Since the Supreme Court let Idaho’s law take effect, many court watchers believed the Biden administration would be fighting an uphill battle during oral arguments on Wednesday.

Elizabeth Prelogar, the U.S. solicitor general, did face tough questions, but so did Idaho lawyer Josh Turner.

“The questioning of the state of Idaho has been far more robust than many expected, with tough questions coming from conservatives, along with Justices Ketanji Brown Jackson, Elena Kagan and Sonia Sotomayor,” The Washington Post reported.

For example, Justice Amy Coney Barrett repeatedly questioned Turner’s presentation of Idaho’s policy.

“You’re hedging,” she said at one point.

Still, it seemed as if most of the justices were skeptical of the Biden administration’s claims and leaning toward allowing Idaho’s abortion law to remain in place.

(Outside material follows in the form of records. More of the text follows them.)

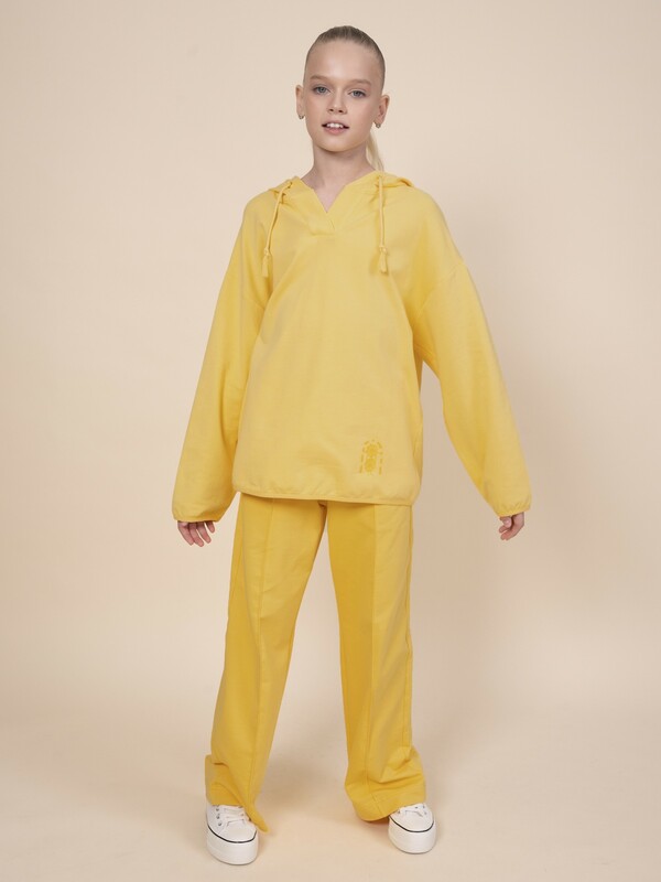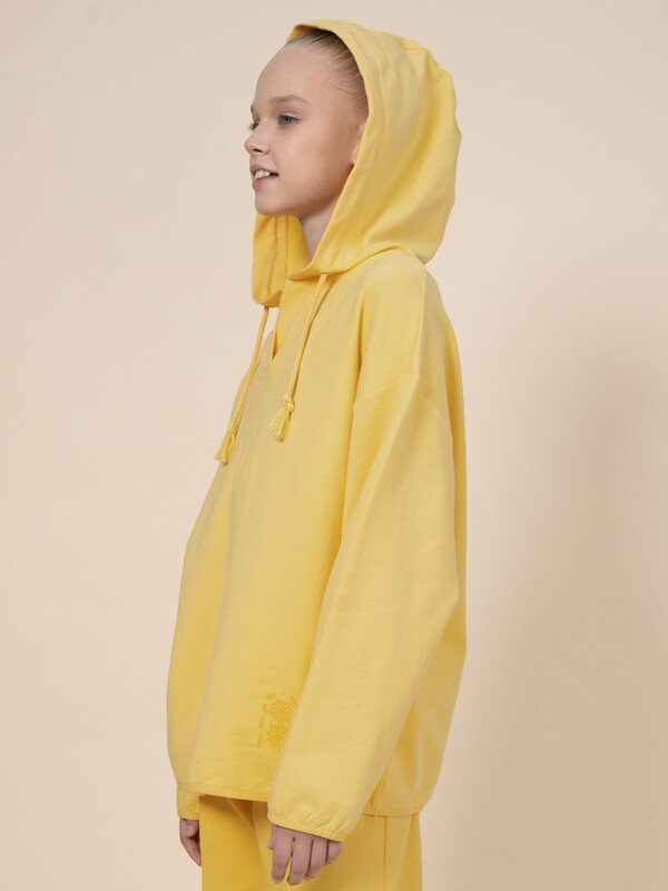 Стильное худи для девочки. Покорит сердца девочек современным дизайном, невероятно удобным кроем и уникальным внешним видом. Худи из хлопкового футера с петлей, мягким спущенным плечом. По низу изделия и рукавов эластичная окантовка. Удобная горловина в виде планки, без пуговиц. Капюшон с регулировкой шнурками, концы шнурков оформлены кисточками. Толстовка худи с принтом и рисунком, весь декор в тон. Худи для подростков свободного кроя впишется в детский гардероб и удивит своей комбинаторностью, с ним сочетаются любые подростковые вещи. Толстовка для малыша и подростка подойдет для прогулок весной и как милое, мягкое, яркое теплое худи для долгих вечеров с друзьями на лето. Не боится испытаний активными играми и частыми стирками. Прочная, тактильно приятная и безопасная для ребенка ткань очень износостойкая и надолго сохранит красивый внешний вид. Удлиненное худи подойдет как детская домашняя одежда для дома, для повседневной носки на каждый день, как весенняя и летняя объемная вещь. Изделие предствалено в желтом цвете. В линейке представлены следующие размеры: 1 (86);2 (92); 3 (98); 4 (104); 5 (110); 6 (116); 7 (122); 8 (128); 9 (134); 10 (140); 11 (146). Выбирайте нужный размер по таблице размеров на фото. Цвет товара на экране вашего устройства может отличаться от цвета изделия вживую.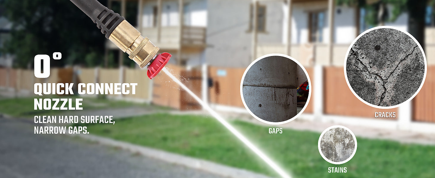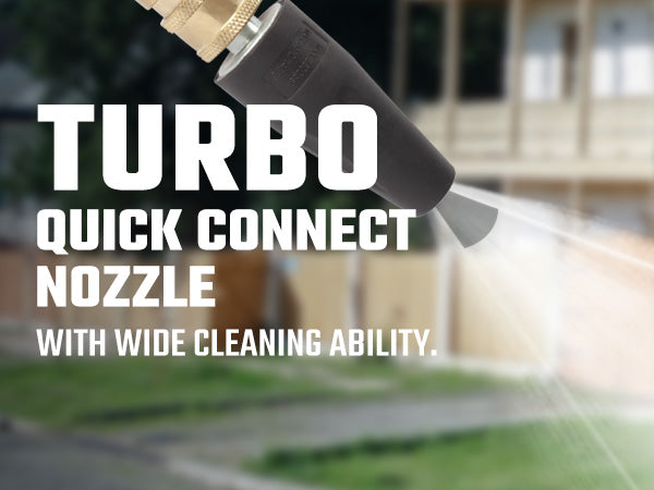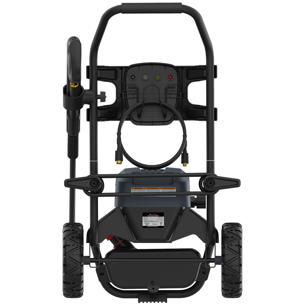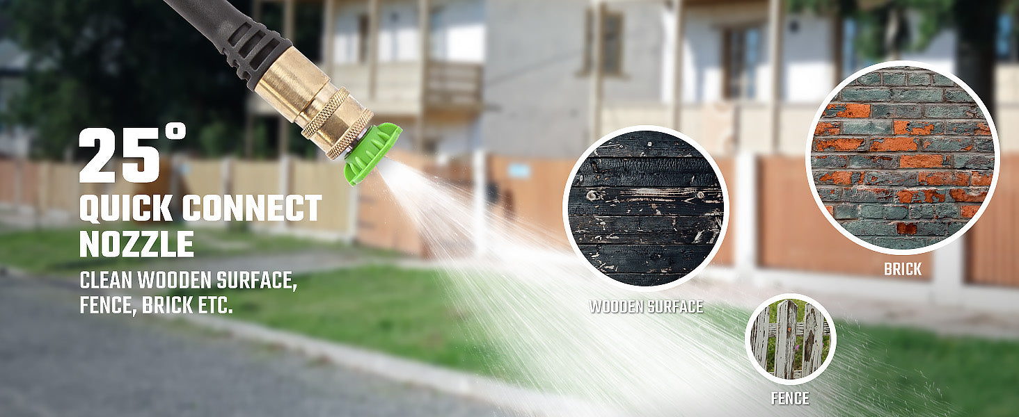 The unit features a three-piston axial pump for durable, long-term use. The extra-long 25' long co-extrude high-pressure hose provides an easy-to-move workspace. There are four pro-style nozzles, including a turbo nozzle and integrated soap tank for efficient cleaning power. The lightweight pressure washer, with 8'' never flat wheels, weighs only 28.7 pounds, allowing for convenient storage and effortless portability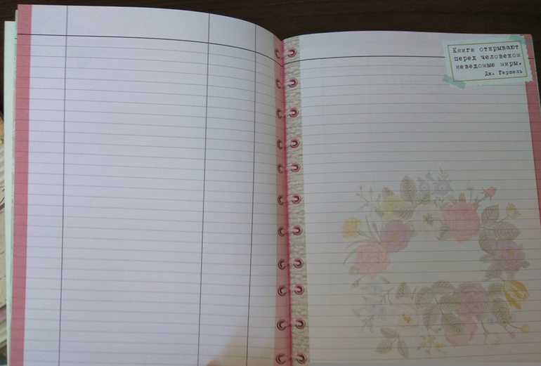 Страницы уже разлинованы в таблицу, очень удобно заполнять дату, название, количество страниц на левой части листа, а правая остается для содержания, впечатлений, рисунков и прочего, что душа пожелает. Лишь бы книга интересная была.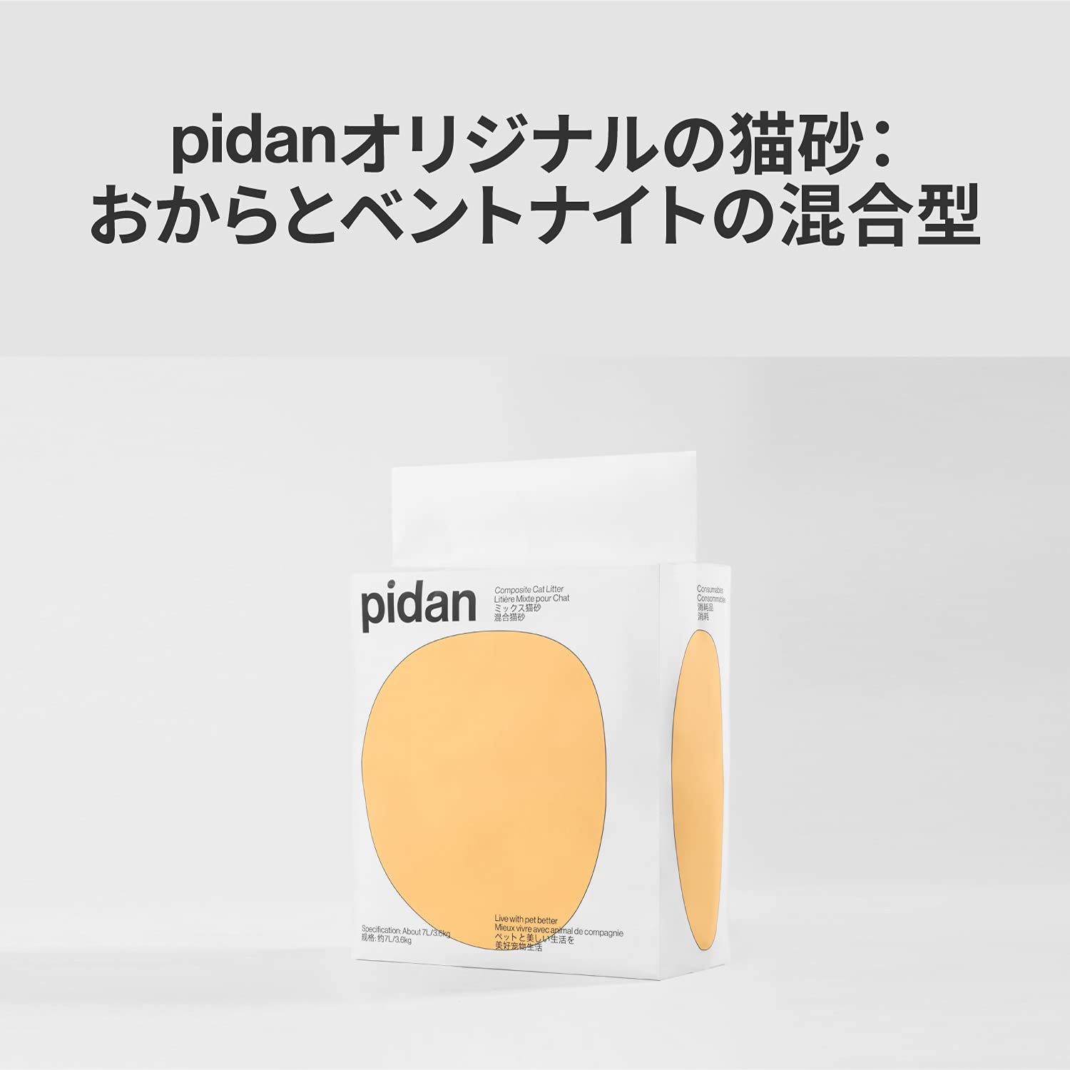 pidan 猫砂 おから 固まる ベントナイトとおから 混ぜる 脱臭 真空パック 飛び散らない 天然素材 臭みから解放 (3.6kg×1袋)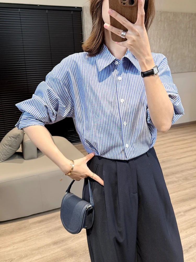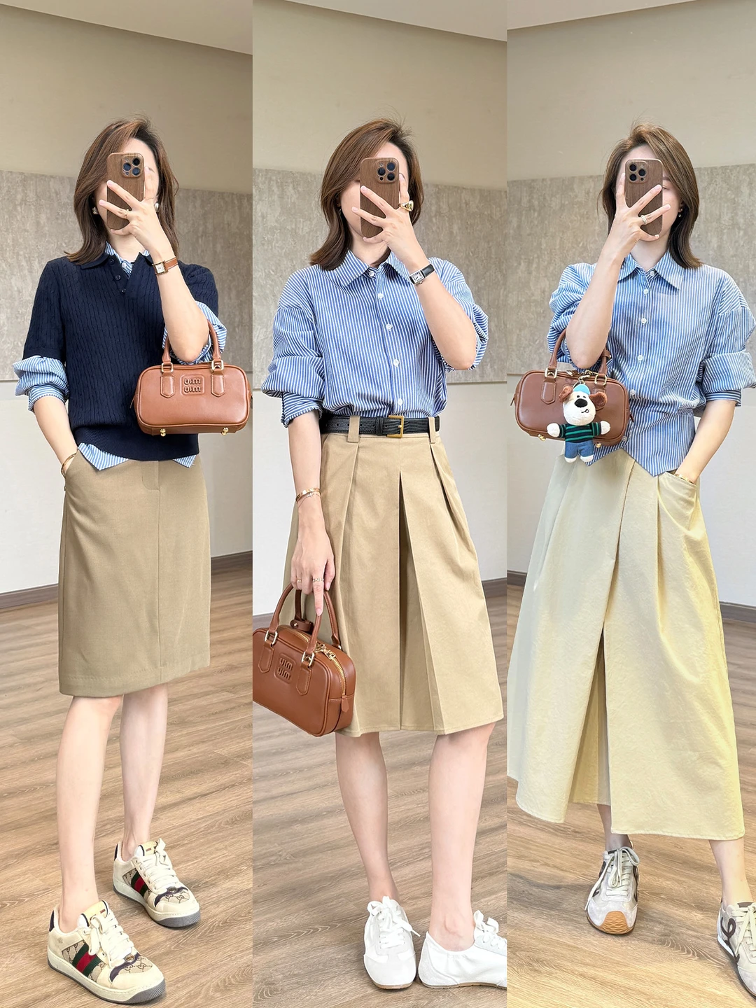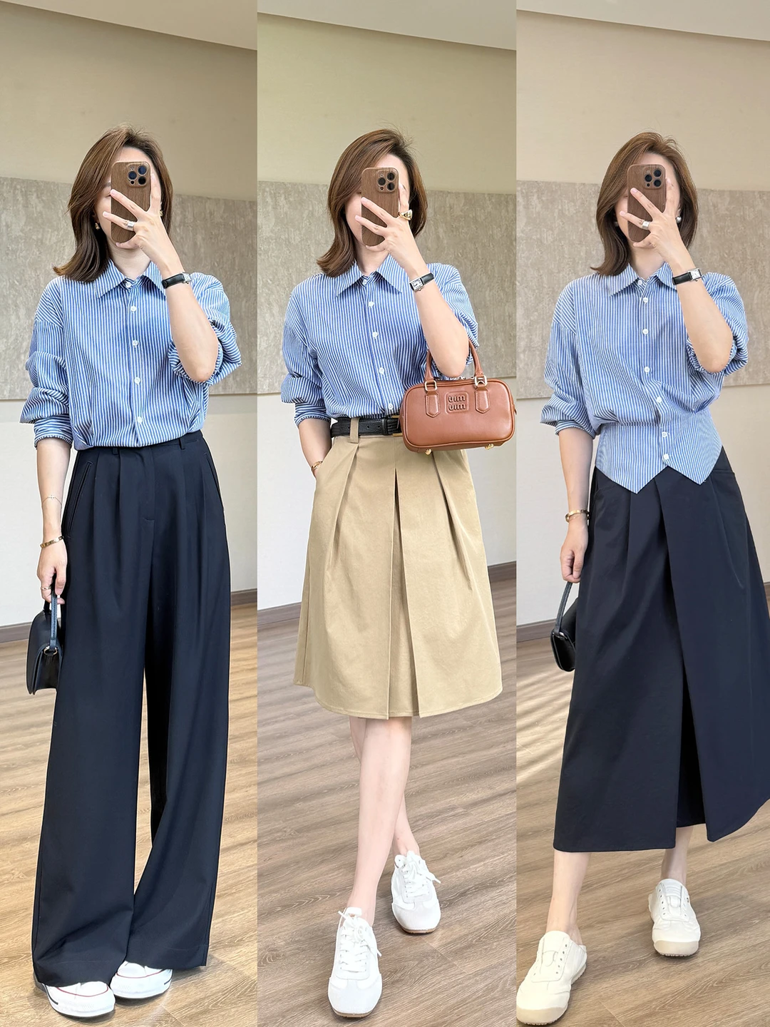 姐妹闭眼冲超气质 把“显瘦”两个字焊在身上 蓝色衬衫与半裙的搭配 恰到好处 高级又时髦~ 158小个子穿搭 梨形身材穿搭 春夏穿搭 蓝色条纹衬衫 半身裙穿搭 气质穿搭 时髦穿搭 显瘦穿搭 不费力穿搭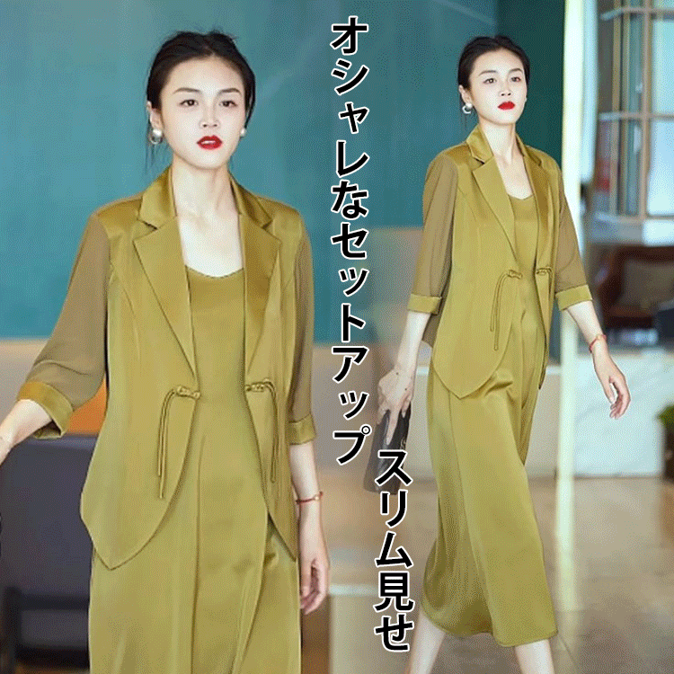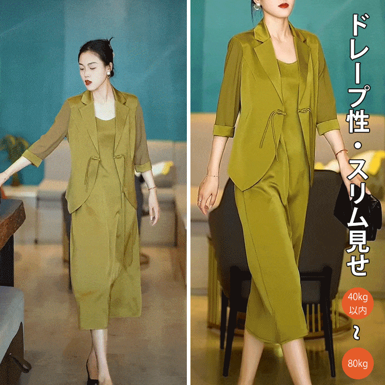 存在感抜群 シンプル 折り襟 七分袖 カーディガン ジャンパースカート 無地 2点セット 大人カジュアル fashion ootd 夏コーデ ファッション coordinateコーディネート 夏服 カジュアルコーデ 今日のコーデ 大人コーデ レディースGF7197

“How can you impose restrictions on what Idaho can criminalize?” Justice Samuel Alito asked the solicitor general, according to The Washington Post.

Similarly, Justice Neil Gorsuch highlighted the potential danger of allowing federal officials to have too much control over health care norms.

As the debate took place inside the courtroom, protesters gathered outside the Supreme Court to either support or criticize Idaho’s law.

The New York Times reported that more than 100 people took part in demonstrations outside the building, carrying signs with messages like “Abortion saves lives” and “Pro-life. Pro-women.”